Material provided =>
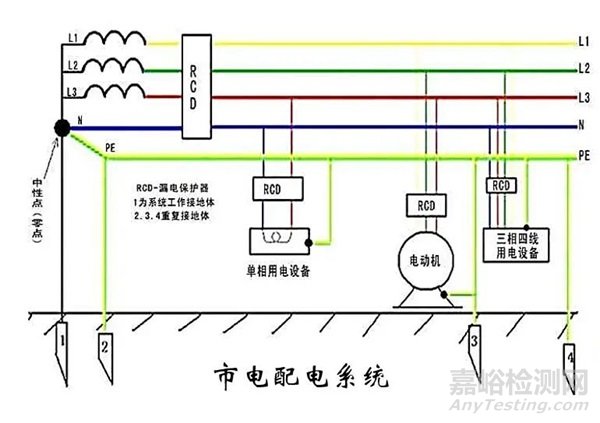 常規(guī)的市電供電變壓器,出于安全的考慮,會有一個(gè)接地點(diǎn)。如圖1所示。只要用電設(shè)備的導(dǎo)電外殼接地,即使相線與設(shè)備外殼絕緣損壞,外殼也不會帶電。如果絕緣太低,就會觸發(fā)過流保險(xiǎn)機(jī)構(gòu)。
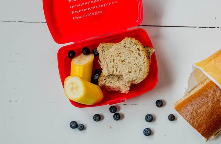 Del en banan i to og ha i matpakken sammen med litt bær og skiver av Julius Favorittbrød. En rask og enkel matpakke til barna.
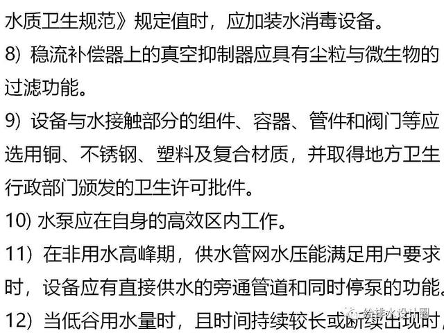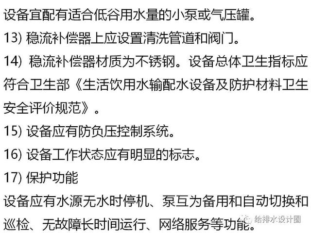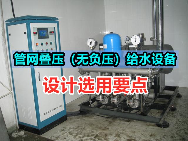 1)管网叠压(无负压) 给水设备与之连接和取水的供水管网应该水量充裕、水压稳定,设置前应经地方自来水公司同意。
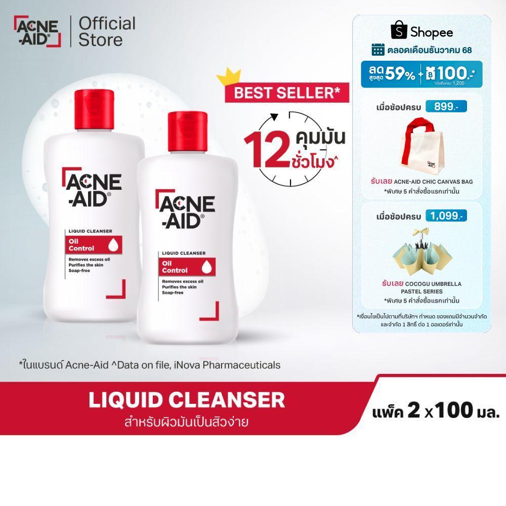 [ส่งฟรี] ACNE-AID LIQUID CLEANSER 100 ML x2 แอคเน่-เอด ลิควิด เคลนเซอร์ สำหรับผิวมัน เป็นสิวง่าย 100 มล x2
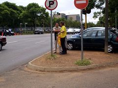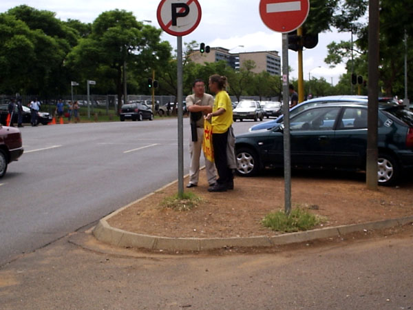 法轮功学员打出抗议标语及“法轮大法好”的横幅,并向维护治安的警察及过往的行人洪法,讲真相。知道真相的友好的南非人民向法轮功学员表达了衷心的支持与祝愿。
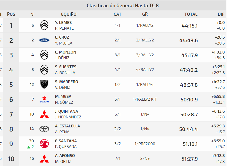 Luis Monzón y José Carlos Déniz siguen en un solitario tercer puesto. Los satauteños van encontrando el camino en su regreso a la competición. Después de una mañana en la que pasaron desapercibidos, los del Citroën C3 Rally2 estuvieron muy cerca de sumar el scratch del tramo de bonificación. Tan solo ocho décimas fueron las que mediaron entre ellos y el Ford Fiesta Rally2 del DISA Copi Sport. Las tres últimas cronometradas les ofrecerán la oportunidad de avanzar en su fase de recuperación del ritmo.
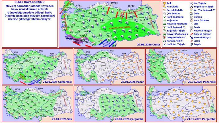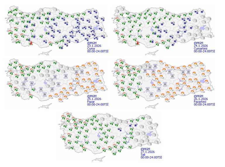 Meteoroloji Genel Müdürlüğü tarafından yapılan tahminlere göre: Ülkemiz genelinin parçalı ve çok bulutlu, Marmara, Ege, Akdeniz, İç Anadolu, Batı ve Orta Karadeniz’in iç kesimleri, Güneydoğu Anadolu, Doğu Anadolu’nun güney ve batısı (Hakkari ve Van hariç) ile Ordu ve Giresun’un iç kesimlerinin yağışlı geçeceği tahmin ediliyor. Kıyı kesimlerde sağanak ve gök gürültülü sağanak, iç ve batı kesimlerde yağmur ve karla karışık yağmur, yükseklerinde ve yağış beklenen doğu kesimlerde kar şeklinde görülecek yağışların, Marmara ve Ege’nin batısı, Batı Akdeniz, Doğu Akdeniz’in doğusu ile Güneydoğu Anadolu’nun batısında kuvvetli, Ege ve Batı Akdeniz kıyılarında ise yer yer çok kuvvetli ve şiddetli olması bekleniyor. Doğu Karadeniz’in iç kesimlerinin yüksekleri ile Doğu Anadolu’nun doğusunda yüksek kar örtüsüne sahip eğimli kesimlerinde çığ tehlikesi bulunmaktadır.
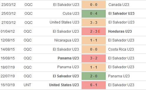 + Thống kê 10 trận gần nhất của El Salvador U23
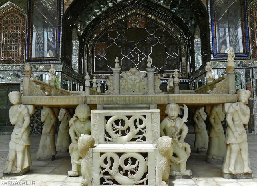پورنصری نژاد در ادامه از طرح و حجاری تخت مرمر سخن گفت: «تخت مرمر که به استادکاران اصفهانی سفارش داده شده بود با حجاری فرشتگان و گچبریهای بالای آن یکی دیگر از نمادهای حجمی آن دوران بود که در ایوان مرمر کاخ گلستان نصب شد.» تخت مرمر که به تخت سلیمانی نیز معروف بود با شصتوپنج قطعه مرمر متصلبههم ساخته شد.
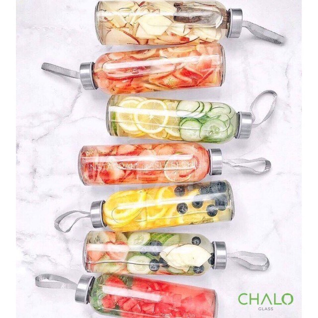 Bình nước thủy tinh, chai detox 300ml, 500ml nhỏ gọn, xinh xẻo, nhân tiện thể dụng cho bạn chứa đồ uống hằng ngày. Chất liệu thủy tinh cao cấp dày dặn, bóng bẩy, an toàn cho sức khỏe.
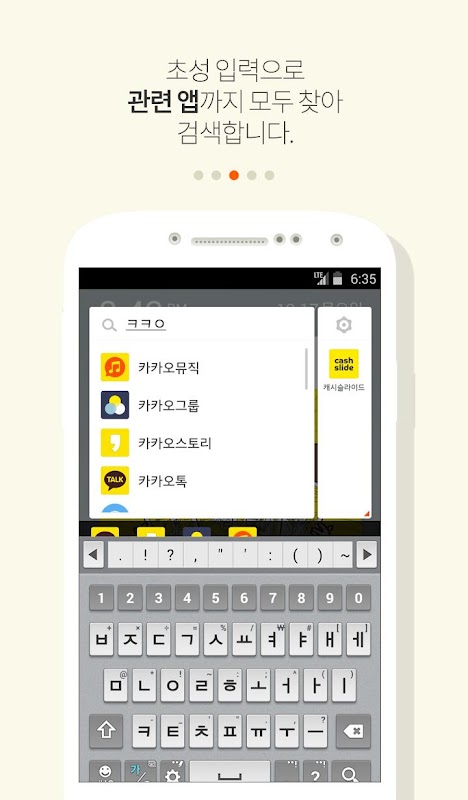 - 초성/키워드를 통해 앱 검색, 웹 검색, 연락처까지 한 번에 검색합니다.
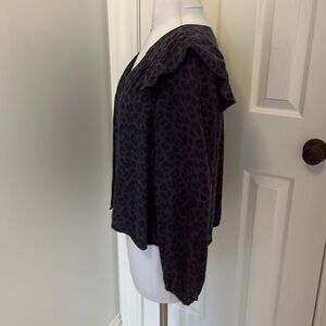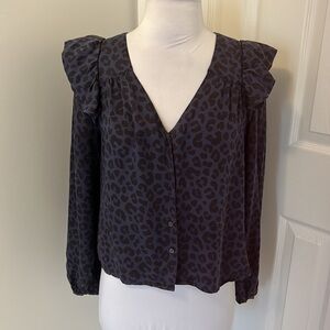 Navy /black cheetah print. Lightweight, with feminine ruffle detailing on sleeves. Button up front. Buttoned cuffs.
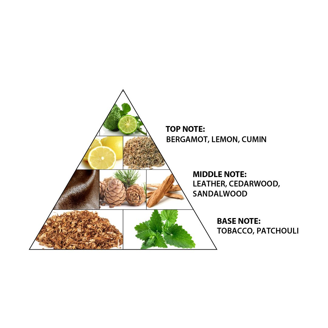 The fragrance opens with the zesty freshness of bergamot and lemon, subtly spiced with cumin to create a sharp yet intriguing introduction. As it develops, the heart reveals a warm, robust blend of leather, cedarwood, and sandalwood, adding structure, depth, and a refined masculine edge.

Exercise brief => A word-for-word reproduction is needed of the lines above from the line containing "1)管网叠压(无负压) 给水" through the line containing "پورنصری نژاد در", with both ends kept and no pictures.

Completed task =>
 1)管网叠压(无负压) 给水设备与之连接和取水的供水管网应该水量充裕、水压稳定,设置前应经地方自来水公司同意。
 [ส่งฟรี] ACNE-AID LIQUID CLEANSER 100 ML x2 แอคเน่-เอด ลิควิด เคลนเซอร์ สำหรับผิวมัน เป็นสิวง่าย 100 มล x2
 法轮功学员打出抗议标语及“法轮大法好”的横幅,并向维护治安的警察及过往的行人洪法,讲真相。知道真相的友好的南非人民向法轮功学员表达了衷心的支持与祝愿。
 Luis Monzón y José Carlos Déniz siguen en un solitario tercer puesto. Los satauteños van encontrando el camino en su regreso a la competición. Después de una mañana en la que pasaron desapercibidos, los del Citroën C3 Rally2 estuvieron muy cerca de sumar el scratch del tramo de bonificación. Tan solo ocho décimas fueron las que mediaron entre ellos y el Ford Fiesta Rally2 del DISA Copi Sport. Las tres últimas cronometradas les ofrecerán la oportunidad de avanzar en su fase de recuperación del ritmo.
 Meteoroloji Genel Müdürlüğü tarafından yapılan tahminlere göre: Ülkemiz genelinin parçalı ve çok bulutlu, Marmara, Ege, Akdeniz, İç Anadolu, Batı ve Orta Karadeniz’in iç kesimleri, Güneydoğu Anadolu, Doğu Anadolu’nun güney ve batısı (Hakkari ve Van hariç) ile Ordu ve Giresun’un iç kesimlerinin yağışlı geçeceği tahmin ediliyor. Kıyı kesimlerde sağanak ve gök gürültülü sağanak, iç ve batı kesimlerde yağmur ve karla karışık yağmur, yükseklerinde ve yağış beklenen doğu kesimlerde kar şeklinde görülecek yağışların, Marmara ve Ege’nin batısı, Batı Akdeniz, Doğu Akdeniz’in doğusu ile Güneydoğu Anadolu’nun batısında kuvvetli, Ege ve Batı Akdeniz kıyılarında ise yer yer çok kuvvetli ve şiddetli olması bekleniyor. Doğu Karadeniz’in iç kesimlerinin yüksekleri ile Doğu Anadolu’nun doğusunda yüksek kar örtüsüne sahip eğimli kesimlerinde çığ tehlikesi bulunmaktadır.
 + Thống kê 10 trận gần nhất của El Salvador U23
پورنصری نژاد در ادامه از طرح و حجاری تخت مرمر سخن گفت: «تخت مرمر که به استادکاران اصفهانی سفارش داده شده بود با حجاری فرشتگان و گچبریهای بالای آن یکی دیگر از نمادهای حجمی آن دوران بود که در ایوان مرمر کاخ گلستان نصب شد.» تخت مرمر که به تخت سلیمانی نیز معروف بود با شصتوپنج قطعه مرمر متصلبههم ساخته شد.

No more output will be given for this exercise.